» WHAT TO WORK ON
Output each line exactly as written, from the first line of the records to the line bearing "Espresso Snowtop Rex Rabbit Scarf - Rosette", inclusive, while leaving every picture out.
+ + + + + + +
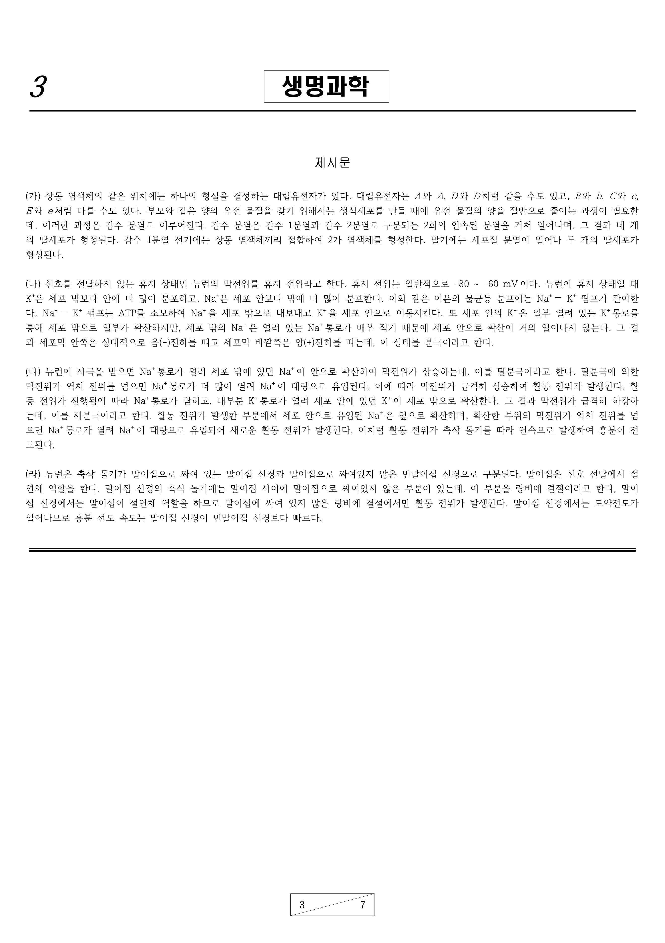 2022학년도 건국대학교 수시모집 논술고사 자연계B 문제지
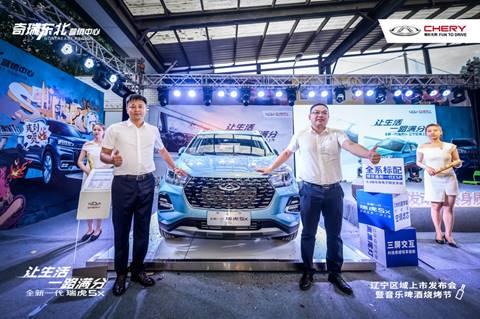 奇瑞汽车营销公司东北大区总经理陈龙先生和沈阳优易卡汽车销售有限公司董事长王兵先生共同为新车揭幕
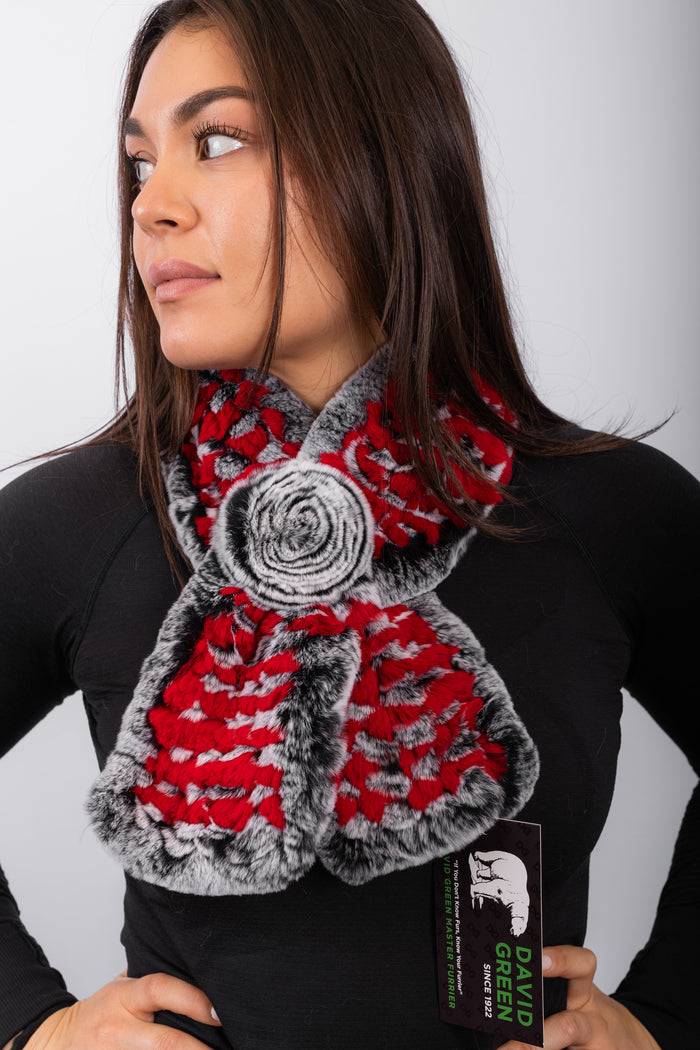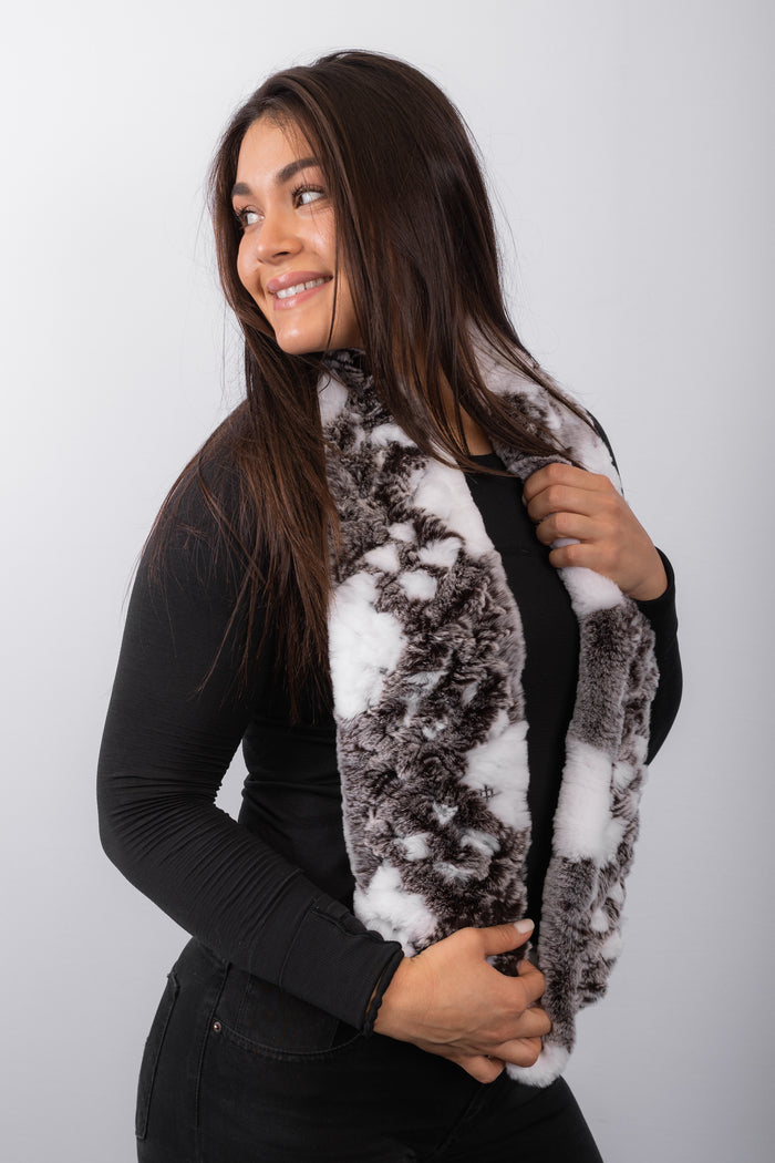 Espresso Snowtop Rex Rabbit Scarf - Rosette
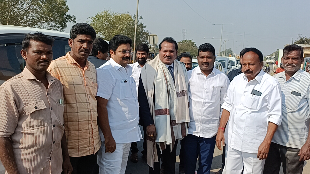 మన ధ్యాస ప్రతినిథి ఏలేశ్వరం:జై భీమ్ భారత్ పార్టీ అధ్యక్షులు జడ శ్రవణ్ కుమార్ ను ఆ పార్టీ ఉపాధ్యక్షులు దాడిశెట్టి వీరబాబు ఘన స్వాగతం పలికారు. మాజీమంత్రి వైసిపి పొలిటికల్ అడ్వైజరీ కమిటీ సభ్యులు ముద్రగడ పద్మనాభం నివాసం వద్దకు బయలుదేరిన జడ శ్రావణ్ కుమార్ ను యర్రవరంవద్ద జాతీయ రహదారిపై దాడిశెట్టి వీరబాబు పార్టీ శ్రేణులతో సాలువ కప్పి స్వాగతం పలికారు. అనంతరం ప్రత్తిపాడు లో అంబేద్కర్ విగ్రహానికి పూలమాలవేసి జోహార్ అంబేద్కర్ అంటూ నినాదాలు చేపట్టారు. శ్రావణ్ కుమార్ వెంట భారీ కాన్వాయ్ తో ముద్రగడ నివాసానికి బయలుదేరి వెళ్లారు.
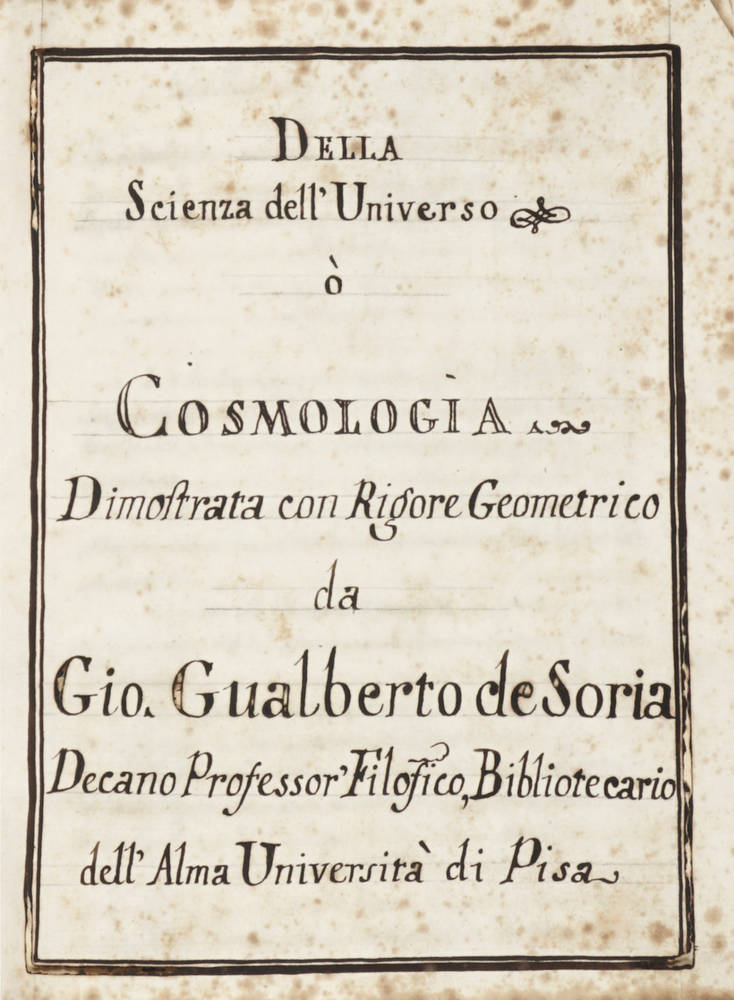 Interessante trascrizione manoscritta dell'opera del De Soria dal titolo "Cosmologia, o Fisica Universale", pubblicato a Firenze nel 1772. Gualberto De Soria (Pisa 1707-1767), filosofo e scienziato seguace della scuola galileiana.
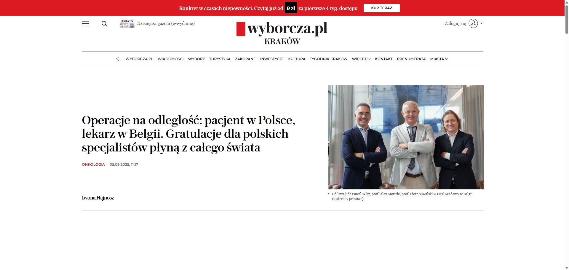 2 września 2025 roku wraz z prof. Piotrem Suwalskim mieliśmy zaszczyt przeprowadzić w Orsi Academy w Belgii pierwsze w Europie operacje robotyczne wykonane na odległość pomiędzy różnymi krajami.
+ + + + + + +
» YOUR RESPONSE
 2022학년도 건국대학교 수시모집 논술고사 자연계B 문제지
 奇瑞汽车营销公司东北大区总经理陈龙先生和沈阳优易卡汽车销售有限公司董事长王兵先生共同为新车揭幕
 Espresso Snowtop Rex Rabbit Scarf - Rosette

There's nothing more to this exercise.